Activation of an unusual cryptic 5′ splice in cdc2 intron 2 is likely to reflect its favorable location for splicing.

In addition to the incidence of exon skipping versus intron retention, the exon and intron definition models predict different locations for cryptic 5′ splice sites. In the course of analyzing the contribution of U1 snRNA to 5′ splice site selection in S. pombe (C. J. Alvarez and J. A. Wise, unpublished data), we discovered that an unusual cryptic 5′ splice site is activated by certain mutations at the standard exon 1-intron 2 boundary in fission yeast cdc2. The location of this cryptic 5′ splice site, which lies within the intron, 27 nucleotides downstream from the standard 5′ junction (Fig. 5A) provides a third indication that splice site pairing in S. pombe proceeds via intron definition. As noted in the introduction, cryptic 5′ splice sites in vertebrates generally lie upstream, within the preceding exon (6).
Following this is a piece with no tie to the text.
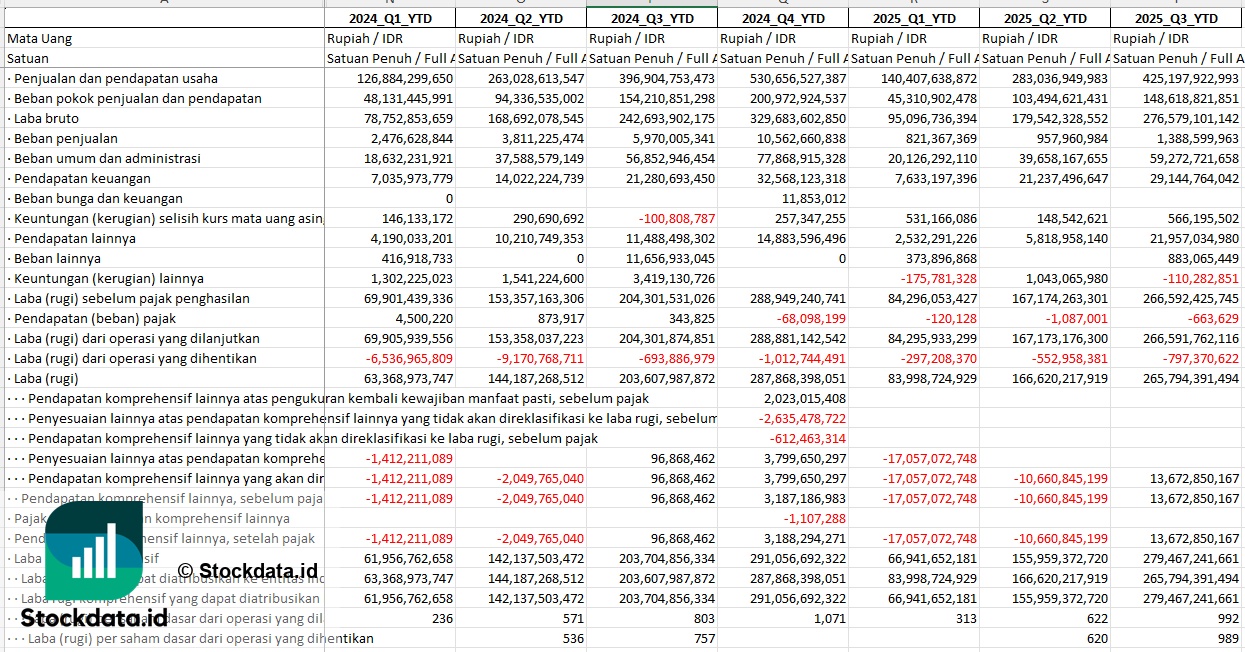 Laba bersih Q3 2025 melonjak 1.361% YoY ke Rp6,43 triliun (naik signifikan akibat efek one-off gain); revenue naik 65% YoY ke Rp8,80 triliun, profitabilitas didorong sektor digital, akuisisi SCMA, pipeline Superbank IPO, valuasi fundamental PBV 2,2x di bawah peer rata-rata.

The cryptic 5′ splice site in cdc2 intron 2 is used to a significant extent, accounting for 8% of the total primer extension products when the standard 5′ junction is mutated at position +6 (Fig. 5B, lane 3) (C. J. Alvarez and J. A. Wise, unpublished data) despite a deviation from consensus (an A at position +2) that would normally render it inactive (3, 64).

The use of a cryptic 5′ splice site containing an A at the normally invariant second position is not due to a higher tolerance for a nonconsensus nucleotide in fission yeast than in other organisms, since a U₊₂A mutation at the standard 5′ splice site of cdc2 intron 2 as well as in two other S. pombe introns leads to complete retention (Fig. 5B, lane 4; C. J. Alvarez and J. A. Wise, unpublished data). Intriguingly, the cryptic junction is not activated in the U₊₂A mutant, in contrast to the U₊₆G mutant, suggesting that the standard 5′ splice site must be partially active in order for the aberrant 5′ splice site to be utilized. Data described elsewhere suggest that the dependence of splicing at the cryptic junction on the natural 5′ splice site relates to the binding of U1 snRNA (C. J. Alvarez and J. A. Wise, unpublished data). To determine which 5′ junction is preferred when both contain a consensus nucleotide at the second position, we mutated the noncanonical A in the cryptic site to a U. This experiment gave a dramatic and, at first glance, unexpected result; the cryptic site is used exclusively, despite the presence of the wild-type sequence at the exon-intron boundary employed under normal circumstances (Fig. 5B, lane 5). We conclude that, when its nonconsensus second nucleotide is mutated to consensus, the cryptic site is strongly preferred over the standard 5′ splice site. Moreover, compared to the partial retention observed when the natural 5′ junction is used for splicing in a wild-type intron (precursor-mature mRNA, 26:74) (Fig. 5B, lane 2), the mutant allele containing a consensus sequence at the cryptic site accumulates no detectable precursor (lane 5).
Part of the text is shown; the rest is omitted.